**Records provided:**
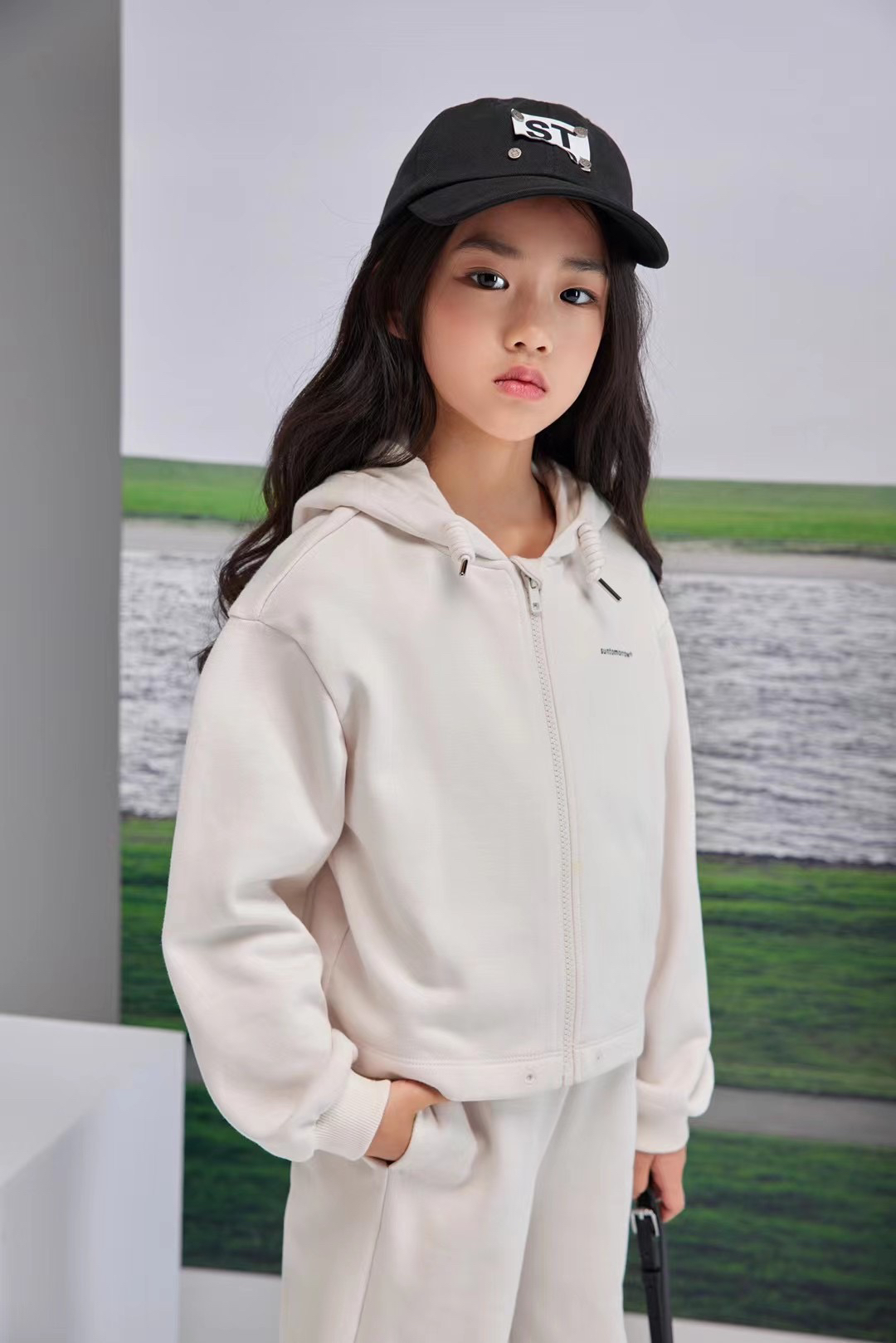 8楼尚T#SUN’T# 浅杏短款休闲拉链卫衣
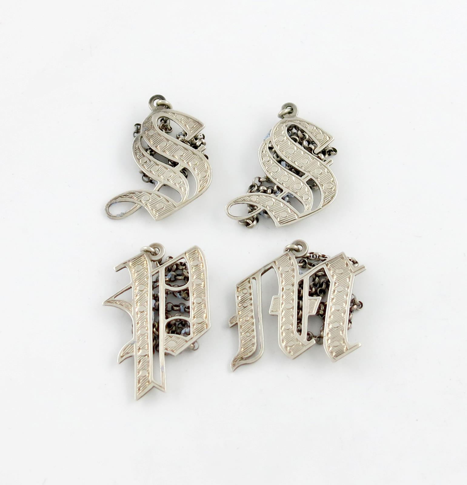engraved decoration, modelled 'M', 'P', and 'S' x2, approx. weight 1.3oz. (4)
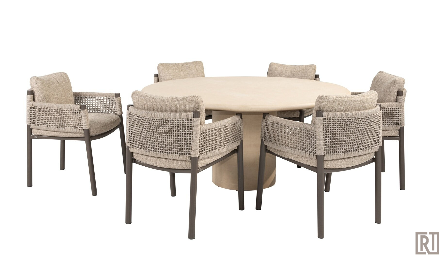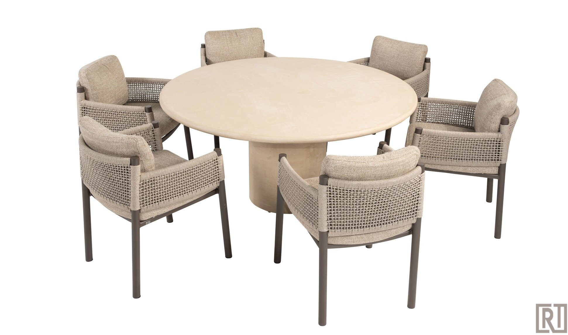 De Savanne dining set is bestaat uit: 1x Hampton round shape 160cm tafel Mortex ( betonlook ) in combinatie met 6 stuks Savanne armstoel incl kussensets.
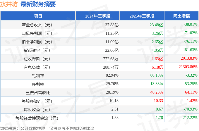据证券之星公开数据整理,近期水井坊(600779)发布2025年三季报。截至本报告期末,公司营业总收入23.48亿元,同比下降38.01%,归母净利润3.26亿元,同比下降71.02%。按单季度数据看,第三季度营业总收入8.5亿元,同比下降58.91%,第三季度归母净利润2.21亿元,同比下降75.01%。本报告期水井坊三费占比上升明显,财务费用、销售费用和管理费用总和占总营收同比增幅达64.11%。
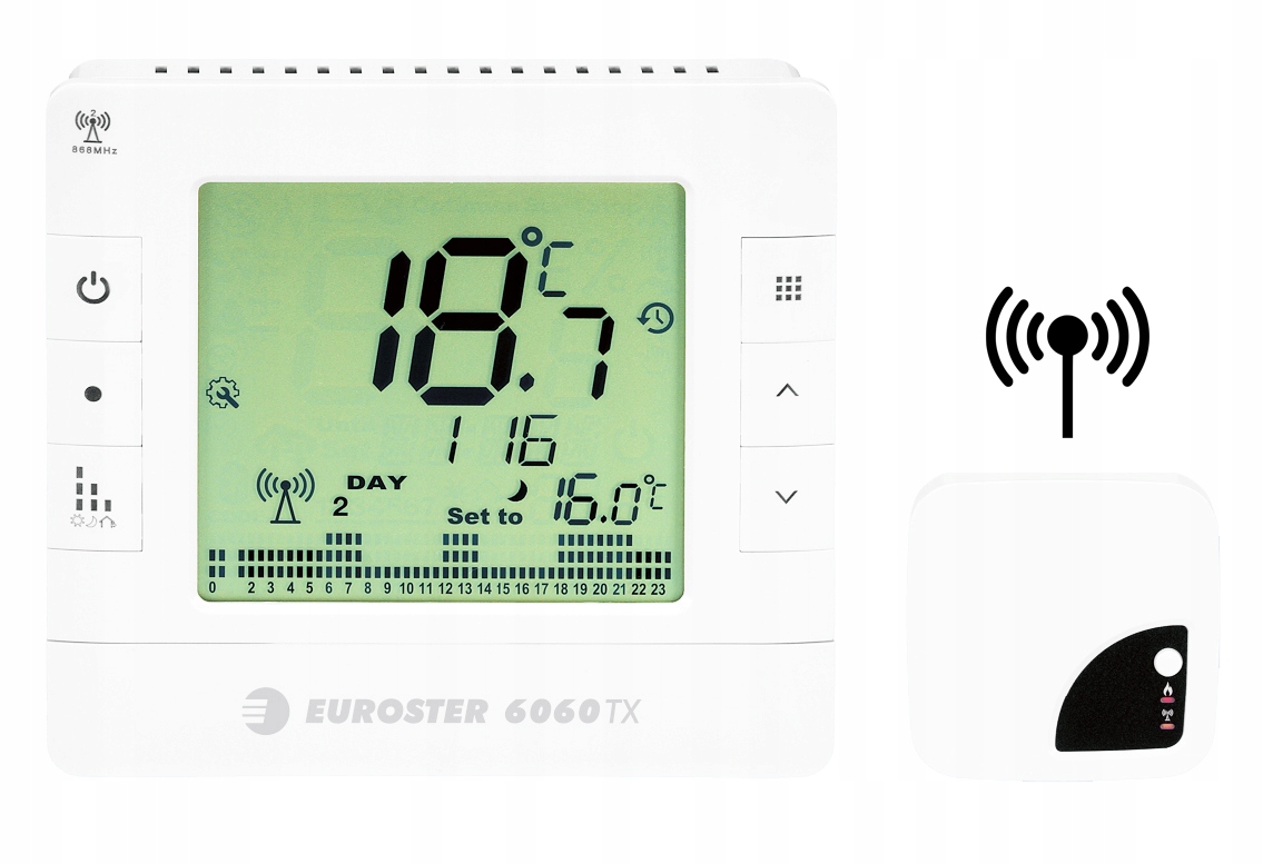 Euroster 6060TXRX to bezprzewodowy, programowany regulator temperatury z dużym, podświetlanym ekranem współpracujący z gazowymi kotłami c.o. oraz innymi urządzeniami grzewczymi. Wyposażony został w wysokiej klasy wyświetlacz LCD z regulowanym kontrastem i przejrzystym menu oraz łatwą nawigacją. Euroster 6060TXRX posiada trzy predefiniowane nastawy temperatury: "komfortowa", "ekonomiczna", "obniżona", a także szereg użytecznych funkcji, np.: chwilowa nastawa temperatury, funkcja blokady klawiatury, temperatura stała, tryb wakacyjny, czy sygnalizacja rozładowanych baterii.
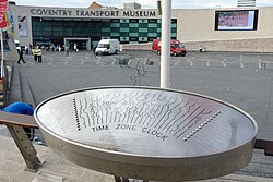 The control panel of the Time Zone Clock in front of Coventry Transport Museum
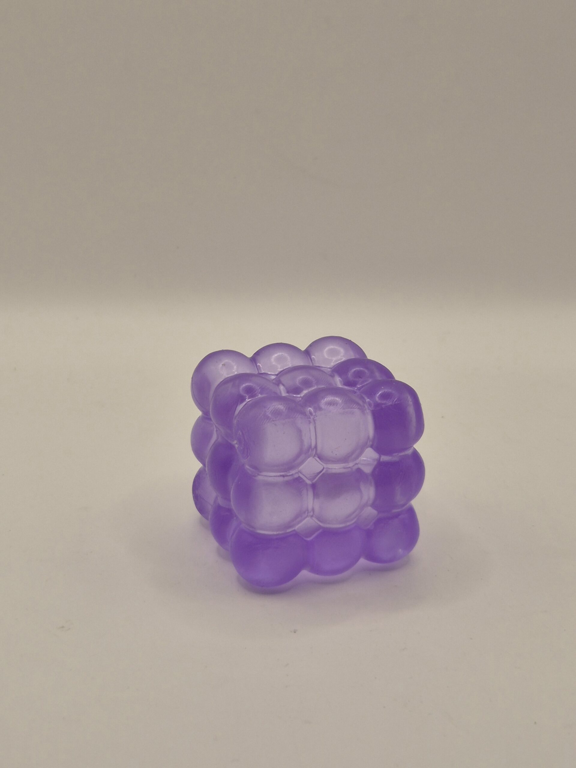 Material: goma suave translúcida. Diseño: cubo geométrico de esferas. Color: morado. Tamaño: cabe en la palma de la mano.

**Activity:** Beginning at the line with "engraved decoration, modelled", reproduce word for word each line through the last line of the records. Include both ends but no pictures.

**Answer for the task:**
engraved decoration, modelled 'M', 'P', and 'S' x2, approx. weight 1.3oz. (4)
 De Savanne dining set is bestaat uit: 1x Hampton round shape 160cm tafel Mortex ( betonlook ) in combinatie met 6 stuks Savanne armstoel incl kussensets.
据证券之星公开数据整理,近期水井坊(600779)发布2025年三季报。截至本报告期末,公司营业总收入23.48亿元,同比下降38.01%,归母净利润3.26亿元,同比下降71.02%。按单季度数据看,第三季度营业总收入8.5亿元,同比下降58.91%,第三季度归母净利润2.21亿元,同比下降75.01%。本报告期水井坊三费占比上升明显,财务费用、销售费用和管理费用总和占总营收同比增幅达64.11%。
 Euroster 6060TXRX to bezprzewodowy, programowany regulator temperatury z dużym, podświetlanym ekranem współpracujący z gazowymi kotłami c.o. oraz innymi urządzeniami grzewczymi. Wyposażony został w wysokiej klasy wyświetlacz LCD z regulowanym kontrastem i przejrzystym menu oraz łatwą nawigacją. Euroster 6060TXRX posiada trzy predefiniowane nastawy temperatury: "komfortowa", "ekonomiczna", "obniżona", a także szereg użytecznych funkcji, np.: chwilowa nastawa temperatury, funkcja blokady klawiatury, temperatura stała, tryb wakacyjny, czy sygnalizacja rozładowanych baterii.
 The control panel of the Time Zone Clock in front of Coventry Transport Museum
 Material: goma suave translúcida. Diseño: cubo geométrico de esferas. Color: morado. Tamaño: cabe en la palma de la mano.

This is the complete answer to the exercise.